> **PROBLEM TO SOLVE**: Within the material below, transcribe exactly the lines from the one holding "El presidente de" through the one holding "defaulteador serial del", keeping both ends and skipping the rest.

> **RECORD EXTRACTS**:
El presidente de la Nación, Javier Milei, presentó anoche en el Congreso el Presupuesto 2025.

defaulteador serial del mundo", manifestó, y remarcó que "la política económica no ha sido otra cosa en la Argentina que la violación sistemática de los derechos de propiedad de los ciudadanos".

...

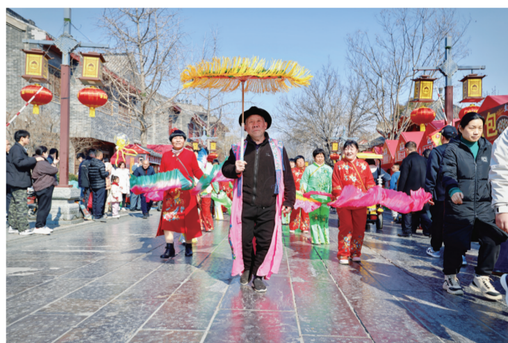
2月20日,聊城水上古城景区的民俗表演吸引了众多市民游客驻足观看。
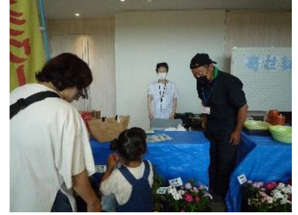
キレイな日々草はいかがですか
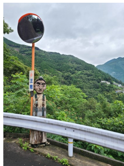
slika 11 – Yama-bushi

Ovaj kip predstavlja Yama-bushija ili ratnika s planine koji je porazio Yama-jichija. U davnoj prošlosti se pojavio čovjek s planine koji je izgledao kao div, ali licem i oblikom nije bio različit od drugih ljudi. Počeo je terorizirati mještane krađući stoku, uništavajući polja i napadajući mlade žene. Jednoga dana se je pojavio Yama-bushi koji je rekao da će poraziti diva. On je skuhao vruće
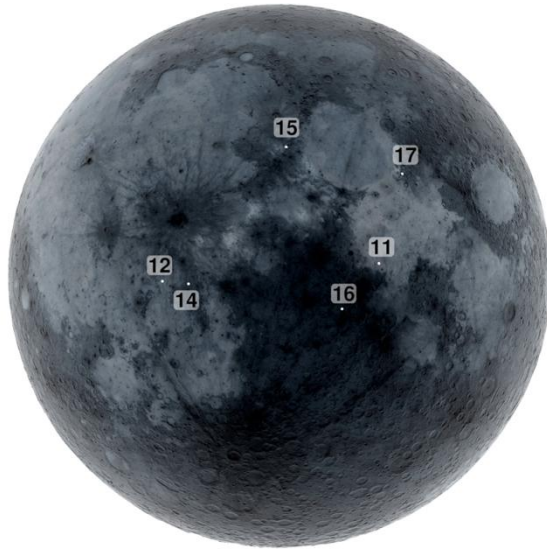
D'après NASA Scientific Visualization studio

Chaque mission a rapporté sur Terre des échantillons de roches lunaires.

> **ANSWER SPACE**:
El presidente de la Nación, Javier Milei, presentó anoche en el Congreso el Presupuesto 2025.

defaulteador serial del mundo", manifestó, y remarcó que "la política económica no ha sido otra cosa en la Argentina que la violación sistemática de los derechos de propiedad de los ciudadanos".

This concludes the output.